The survey, which was carried out for Interactive Intelligence by independent specialists Vanson Bourne, also showed that 43% of organisations recognise higher productivity as the key benefit to flexible working policies. Other advantages include retention of key staff and the ability to attract new and well-qualified employees (34%), reduced office costs (8%) and even faster, more responsive customer services (8%).
“The findings confirm our belief that remote working should be a part of every business’s long-term strategy,” says Dave Paulding, Regional Sales Director EMEA, Interactive Intelligence. “Flexible working is good for business, good for staff and good for the environment.”

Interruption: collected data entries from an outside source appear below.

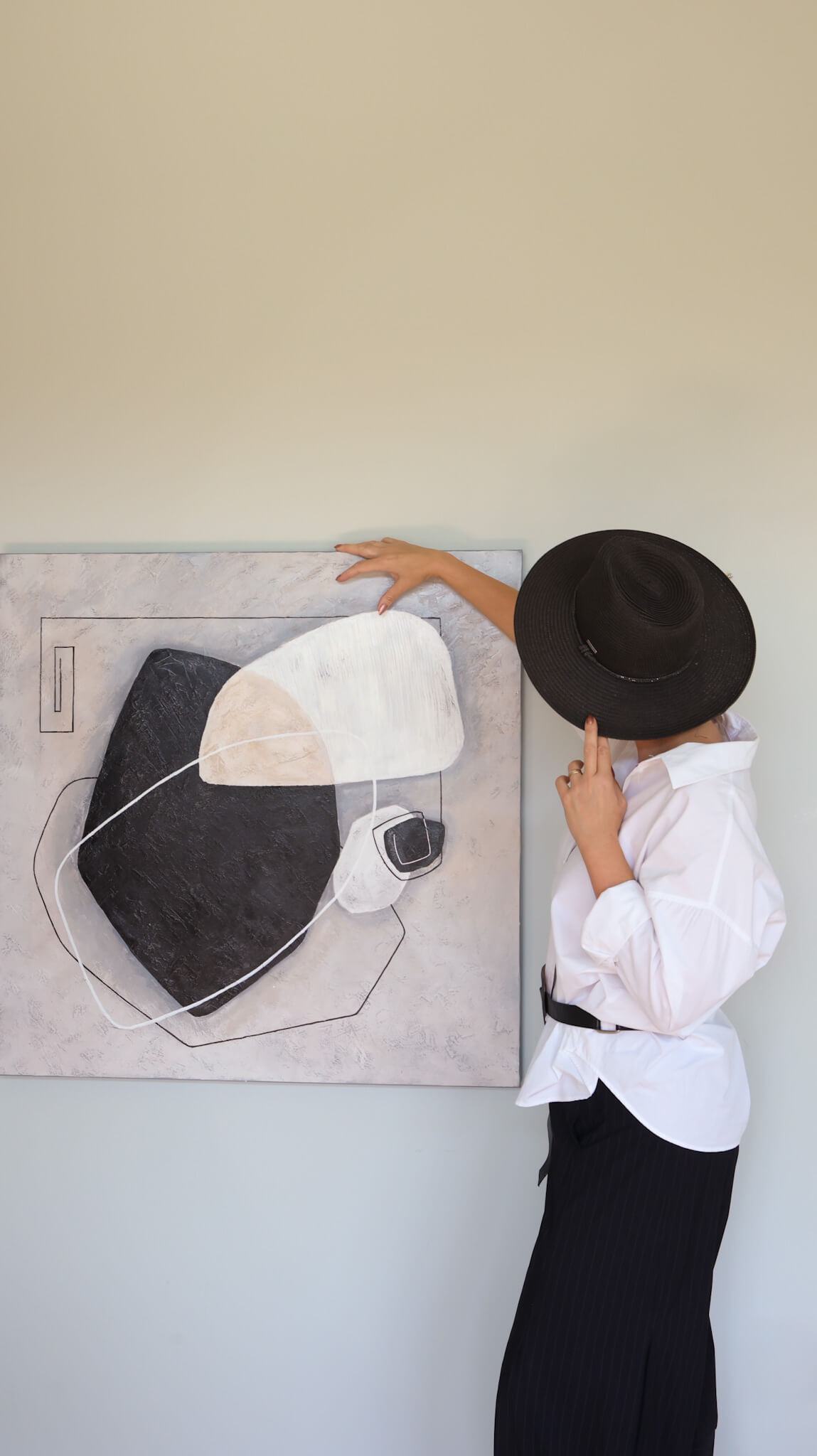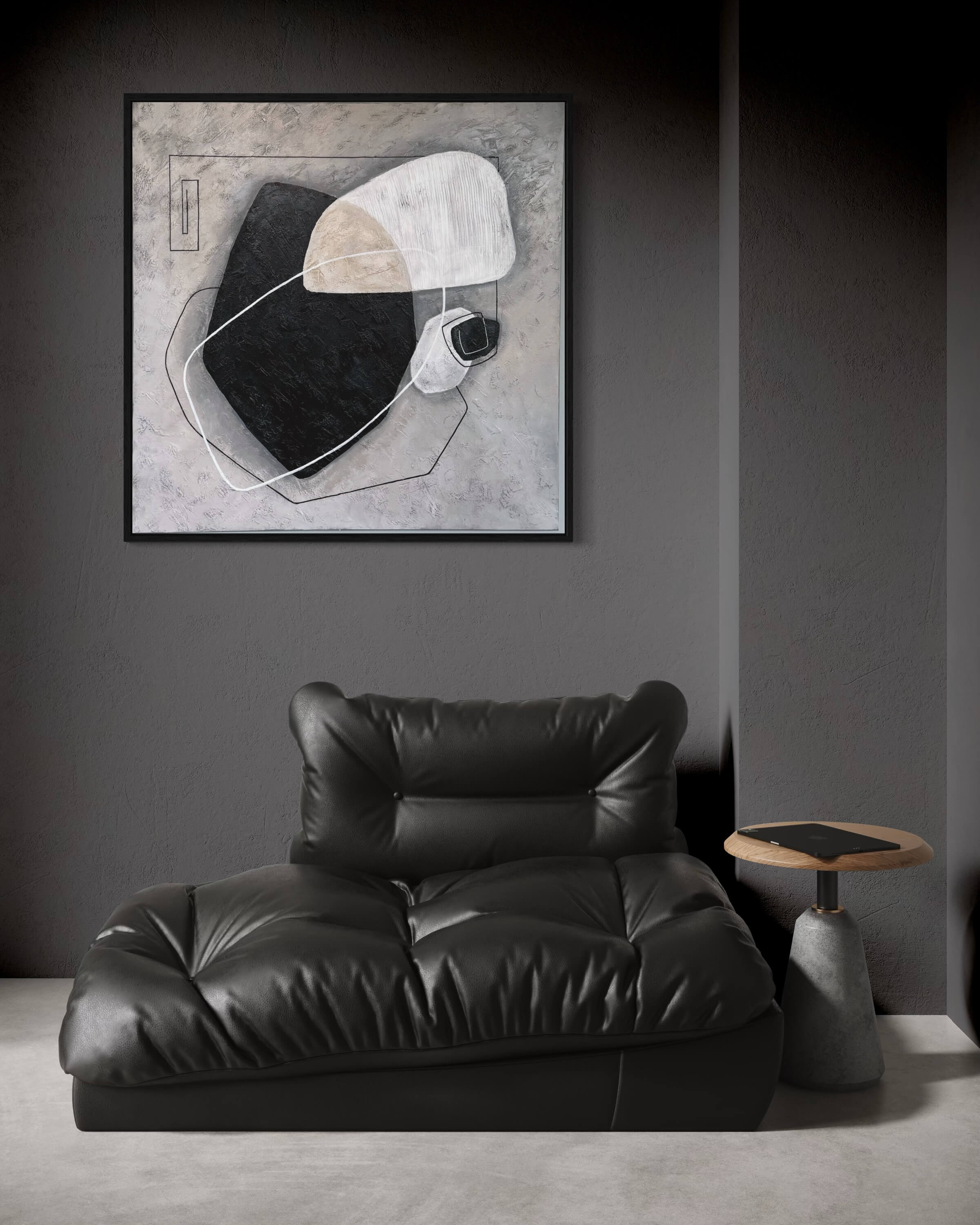 It uses muted tones—black, gray, white, and beige—with subtle gradients.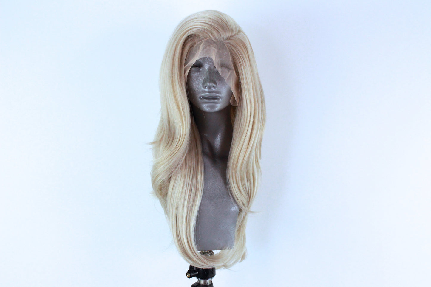 She also has a 4.5 inch deep parting space, giving you a free choice of parting anywhere across the front of the wig, on a soft light coloured invisible Swiss lace front.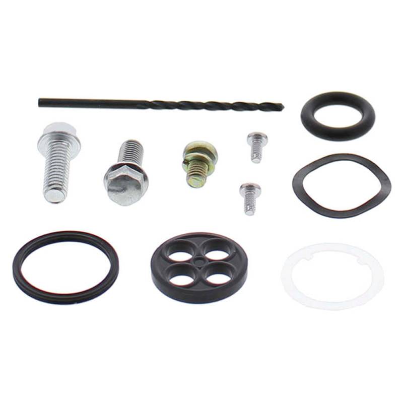Kit includes all face screws, tank bolts, face gasket, tank gasket, diaphragm, O-rings, wave washer, and miscellaneous components necessary to rebuild on fuel tap. Non-rebuildable, riveted Honda specific kits include special drill and self-taping screws along with instructions for easy and inexpensive rebuild.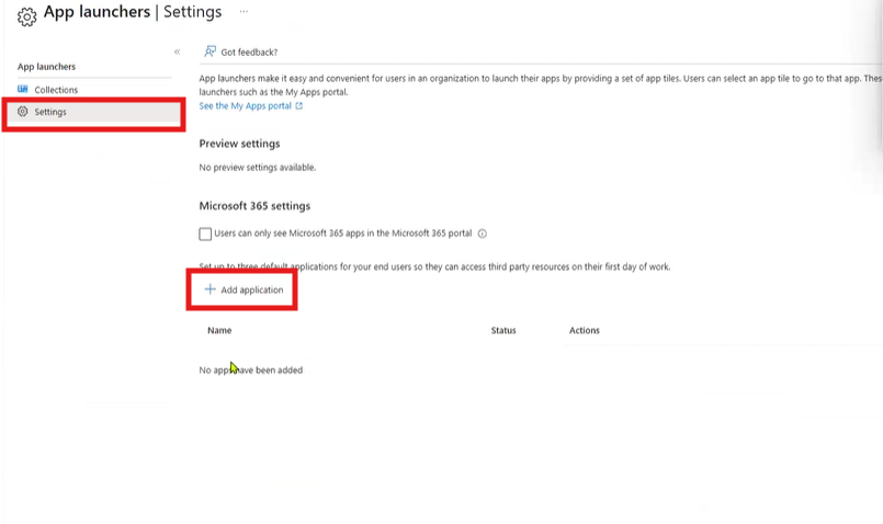 From there, click App Launchers > Settings > + Add application
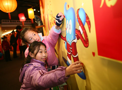 今年除夕和大年初一,上海世博會(huì)展示中心照常開放!昂毤暗谒图椋鹋6稊\迎新春”,為和觀眾一起高高興興過(guò)新年,上海世博會(huì)展示中心為觀眾特別安排了豐富多彩的 新年活動(dòng)套餐,有“海寶吉祥傳播”、“粘貼世博中國(guó)心”、“世博燈謎有獎(jiǎng)大家猜”、“幸運(yùn)魔方大玩轉(zhuǎn)”等。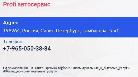Profi, автосервис по адресу 198264, Россия, Санкт-Петербург, Тамбасова, 5 к1 в дальнейшем Организация, размещена в следующих категориях: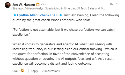 This morning, I woke up to the following comment from a discussion stream on LinkedIn:

When asked about the perceived disadvantages of a flexible working system, only 16% of organisations saw the requirement to invest in new technologies as a barrier to implementing a flexible working solution. Other perceived disadvantages of flexible and remote working included:
- 62% felt it created limited interaction between key workers
- 59% recognised a lack of management control over employees
- 55% were concerned about security and confidentiality of information
- 33% worried that employees would have concerns surrounding a lack of visibility and the impact that may have on their promotion prospects
In total, 35% of the enterprise organisations surveyed have invested in unified communications to meet employee’s IT needs wherever they are working. Yet 42% felt that while VPN and mobile phone solutions provide suitable access to data, they do not give any other significant functionality.
“There is no doubt that in order to address some of these concerns and reap the benefits, an effective technology solution is required to offer a fully integrated flexible working strategy,” concludes Paulding.
“Interactive Intelligence can provide unified communications over a single connection which link workers, wherever they are. Security can be also be layered onto the connection without impairing performance for total confidence. We even have clients working on sensitive military projects, for example.”